第165話:境界の調査、開始
数日後。都内近郊の山中に突如出現した未踏破ダンジョン『特殊事案第24号』の入り口は、異様な緊張感に包まれていた。
周囲は厳重に封鎖され、迷彩服を着た自衛隊の探索者部隊や、政府に雇われた特務探索者たちが、最新鋭のタクティカル・ベストや大型の魔力ライフルを点検している。
そこへ、一台の高級車が静かに滑り込んできた。
降り立ったのは、二人。
漆黒のタクティカル・ウェアに身を包み、前腕に無骨な金属の塊を装着した大介。
そして、白銀に輝く繊細なローブを纏い、背丈ほどもある古めかしい杖を手にしたエイミーだ。
「……おいおい、正気か? どこのコスプレイヤーだ」
「あれが噂の『ドリルエルフ』と、例の成金代表か。あんなナリでダンジョンに潜るつもりかよ」
並み居る精鋭たちが、失笑混じりの視線を送る。彼らから見れば、大介の装備は「軽装すぎる」し、エイミーの衣装は「豪華すぎて実戦向きではない」ように映ったのだ。
「お揃いですね、戸田代表。エイミー様」
現場の指揮を執る氷室が、冷徹なまでの冷静さを湛えて歩み寄ってきた。
彼女の背後には、政府最強と名高い特務探索者、**加賀**が腕を組んで立っている。
「氷室さん。準備はできているわ。……随分と物々しい歓迎ですね」
エイミーが周囲の嘲笑を柳に風と受け流す。
隣の大介もまた、視線を合わせることなく『剛力甲・不動』のフィット感を確かめていた。
「(……大介さん。周囲の連中、私たちの装備の魔力密度に気付いていませんわね)」
「(いいさ、放っておけ。
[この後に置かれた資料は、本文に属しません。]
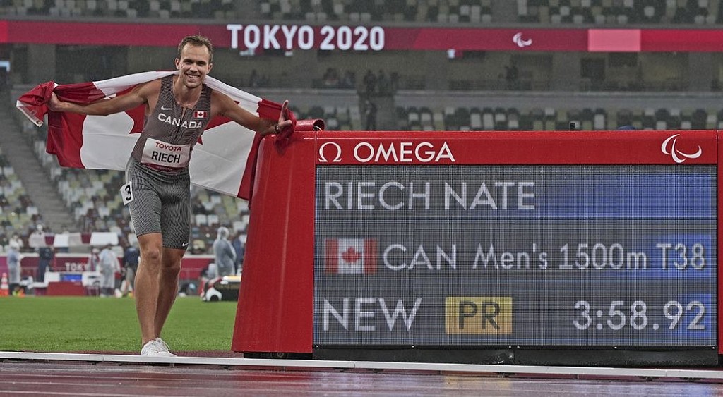 Canada’s Nate Riech captured gold in the men’s 1,500m, running 3:58.92 to set the T38 Paralympic record, in his debut at the Games.

本物の『アダマンタイト』や『ミスリル』なんて、見たこともない連中だ。説明しても無駄だろうよ)」
二人の密かな会話を遮るように、加賀が鼻で笑った。
「代表さんよ。あんたらの『手品』は映像で見たが、ここは戦場だ。足手まといになるようなら、後ろから撃たれないように気をつけるんだな」
「ご忠告痛み入る。……でも、後ろを心配すべきなのは、貴方たちの方ではないかな?」
大介の余裕の笑みが、氷室の背筋をかすかに震わせた。
「……では、調査を開始します。第一陣、突入!」
氷室の号令と共に、重厚な装備を固めた精鋭たちがダンジョンへと足を踏み入れる。
大介とエイミーも、余裕の足取りでその後に続いた。
直後、ダンジョン内部の薄暗い空間に、数えきれないほどの赤い眼光が浮かび上がった。
この場所が、なぜ「未踏破」であり続けたのか。その理由が、死の羽音と共に襲いかかってくる。
「散れ! 迎撃用意!」
加賀の怒号が響く中、大介は静かに拳を握り込んだ。